Think in terms of photon energies rather than wavelengths. The $K_\beta$ transition is an electron falling from the $M$ shell straight to the $K$ shell. That drop can be split into two steps: $M \to L$ (which is the $L_\alpha$ line) followed by $L \to K$ (which is the $K_\alpha$ line). Energies add for the combined jump, so $E_{K_\beta} = E_{K_\alpha} + E_{L_\alpha}$.

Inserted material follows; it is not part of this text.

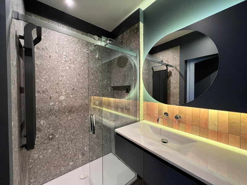 The apartment is located on the 3rd floor of a luxurious apartment building, located in a row of buildings on Wrocławska Street in the Krowodrza district of Krakow. The location is perfectly connected with the rest of the city, close to a rich offer of commercial and service outlets with the charming addition of the proximity of the Nowy Kleparz market. Near the apartment there are the most important academic centers, communication hubs and the Old Town Square is only 2 km away. In the modern building there are elegantly furnished common parts, elevators, monitoring and a 24-hour concierge service where, for example, couriers can leave packages.

Because photon energy is inversely proportional to wavelength, the reciprocals add:
\[ \frac{1}{\lambda_{K_\beta}} = \frac{1}{\lambda_{K_\alpha}} + \frac{1}{\lambda_{L_\alpha}}. \]
Numerically this is a resistors-in-parallel style combination:
\[ \lambda_{K_\beta} = \frac{\lambda_{K_\alpha}\,\lambda_{L_\alpha}}{\lambda_{K_\alpha} + \lambda_{L_\alpha}} = \frac{21.3 \times 141}{21.3 + 141} = \frac{3003.3}{162.3}. \]
That gives $\lambda_{K_\beta} \approx 18.5$ pm. The answer must be in picometres, matching option (D).
\[\boxed{\lambda_{K_\beta} \approx 18.5\ \text{pm}}\]